Nox4‐related miR‐92a Mimic Improves Alcohol‐Induced Derangements in Alveolar Macrophage Immunometabolism

Objective Individuals with a history of alcohol use disorders (AUD) are at increased risk of developing respiratory infections due in part to alveolar macrophage (AM) phagocytic dysfunction. Cellular metabolism and bioenergetics are known to play key roles in immune cell functions. Chronic alcohol exposure increases NADPH oxidase (Nox)4, which increases AM oxidative stress, and may contribute to derangements in AM immunometabolism. Nox4 expression may be post‐transcriptionally regulated by microRNA (miR)‐92a, leading to Nox4 downregulation. Therefore, we hypothesized that chronic alcohol exposure decreases mir‐92a to upregulate Nox4, which increases mitochondrial oxidative stress and dysfunction in immunometabolism, resulting in increased susceptibility to respiratory infections. Methods MH‐S, a mouse alveolar macrophage cell line, were treated ± 0.08% ethanol (EtOH) for 3 d ± miR‐92a mimic (50 μM, last 1 d). Expression of miR‐92a and Nox4 were measured by qRT‐PCR. Cellular reactive oxygen species (ROS) generation and H 2 O 2 were measured using 2′,7′‐dichlorofluorescein‐diacetate fluorescence and Amplex Red assay, respectively. Co‐localization of Nox4 and mitochondria were assessed by confocal microscopy. Mitochondrial respiration and bioenergetics were measured using an extracellular flux bioanalyzer. In vitro phagocytic capacity was measured using pHrodo Staphylococcus aureus BioParticles conjugate. Results In vitro EtOH: 1) decreased miR‐92a and increased Nox4 expression, 2) increased ROS and H 2 O 2 , 3) increased Nox4 co‐localization with mitochondria, 4) decreased mitochondrial respiration and bioenergetics, and 5) decreased AM phagocytic ability.
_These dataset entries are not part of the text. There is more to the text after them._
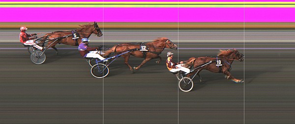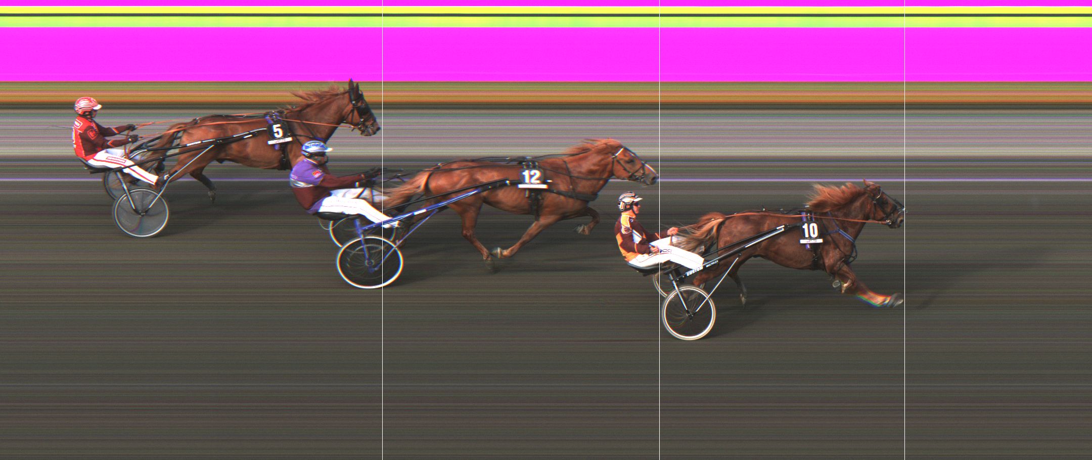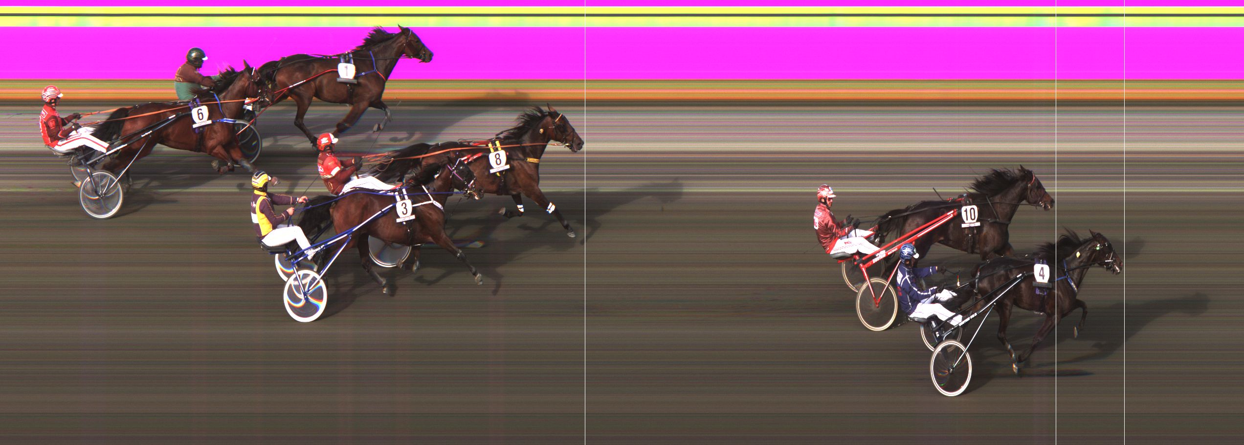 DENNA: Pääsi 1. kurvin lopussa kolmannelta johtavan rinnalle, eteni keulaan 2. kurvin alussa. Kamppaili maalisuoralla totoon.
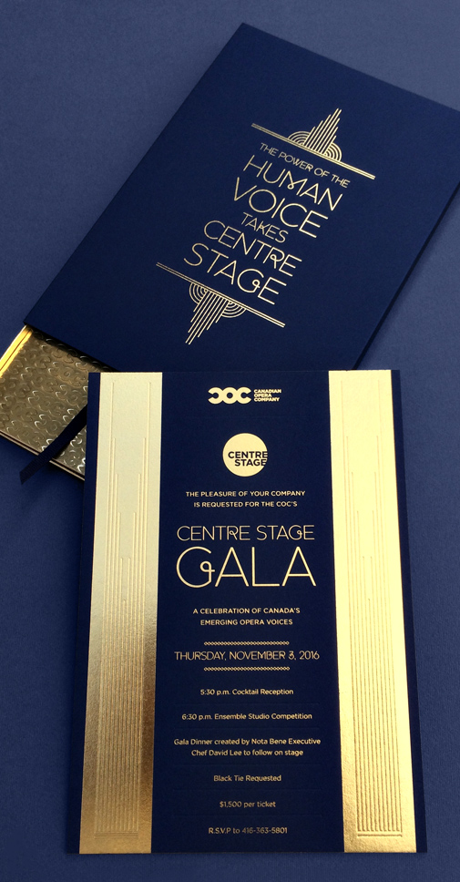 Run by the Canadian Opera Company, Centre Stage is a premier national fundraiser dedicated to the discovery and celebration of the next generation of opera stars. The main event, the Ensemble Studio Competition, brings the most talented voices to a thrilling night, followed by a special gala dinner. At BT/A Advertising, I was in charge of the whole identity of the 2016 event, including the luxurious printed invitation. Inspired by art Deco opera houses, the premium invitations were nested in a premium deep blue box with golden sleeve. The strong concept, sophisticated details and perfect manufacturing by Colour Innovations scored a shiny trophy at the Canadian Printing Awards 2016.
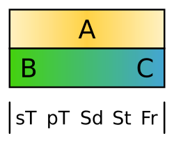 A und C unterdrücken sich gegenseitig, sodass es zu keiner Überschneidung kommt. Bei Abwesenheit des einen wird die andere Klasse in der gesamten Blüte ausgebildet. Das ABC-Modell wurde 1991 von E. Coen und E. Meyerowitz[14] aufgestellt, wurde inzwischen vielfach bestätigt und erweitert.
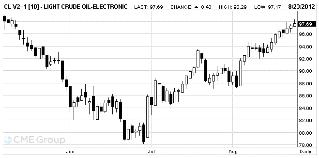 Стоимость октябрьских фьючерсов на американскую легкую нефть марки WTI (Light Sweet Crude Oil) на NYMEX сейчас составляет $97,69 за баррель.
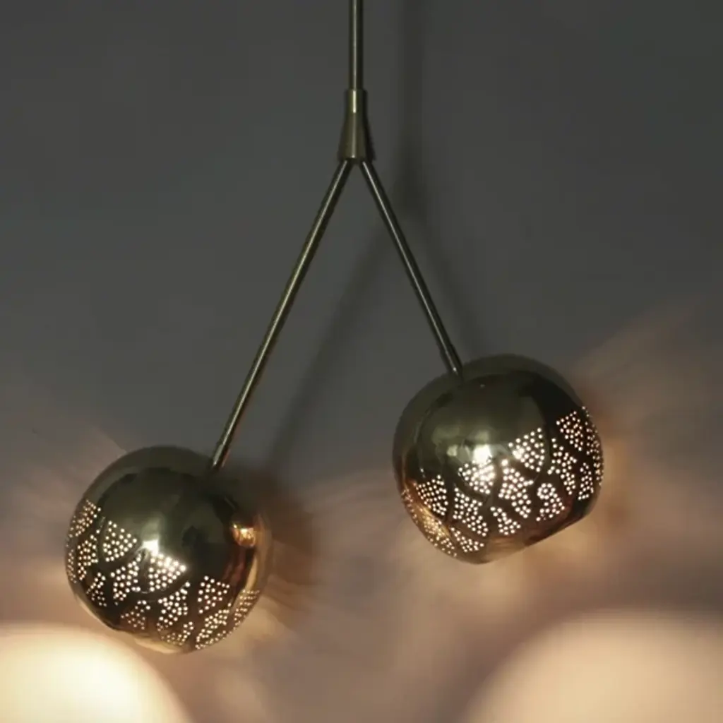 A statement of modern design and a love letter to Morocco. Handmade in Marrakesh, the Nur Double Light Pendant from Dounia Home delights in its asymmetrical design from afar and captivates in its traditionally crafted pattern up close. Morocco-based Dounia Home comes at each design with a mission to showcase its country's traditional art forms while pushing the boundaries of modern design. They take great inspiration from ancient architecture, a feature highlighted in the shade's pattern. Wrapping around a globe shade made in recycled metal, a hand-punctured application of holes suggests a traditional trellis pattern. Artisans define the pattern more with an etched line made using a chisel and square hammer. These intricate globes join with connecting stems that give them a sculptural silhouette. A flip of the switch produces a magical experience as light beams up the intricate pattern and casts outwards in a texture, ambient design. The light also shines down for a table glazing glow.

Treatment with miR‐92a mimic reversed these EtOH‐induced impairments. Conclusions Chronic alcohol consumption increases alveolar macrophage oxidative stress, while reducing mitochondrial respiration and phagocytic capacity. Treatment with miR‐92a mimic reduced EtOH‐induced oxidative stress and improved AM immunometabolism and phagocytic function. Our studies reveal that miR‐92a may be a novel therapeutic target in the treatment of pulmonary infections in individuals with a history of AUD. Support or Funding Information This work was supported by the National Institute of Alcohol Abuse and Alcoholism R01‐AA026086 (SMY) and by the Emory Acute Lung Injury Training Program T32‐HL116271‐05 (David M. Guidot).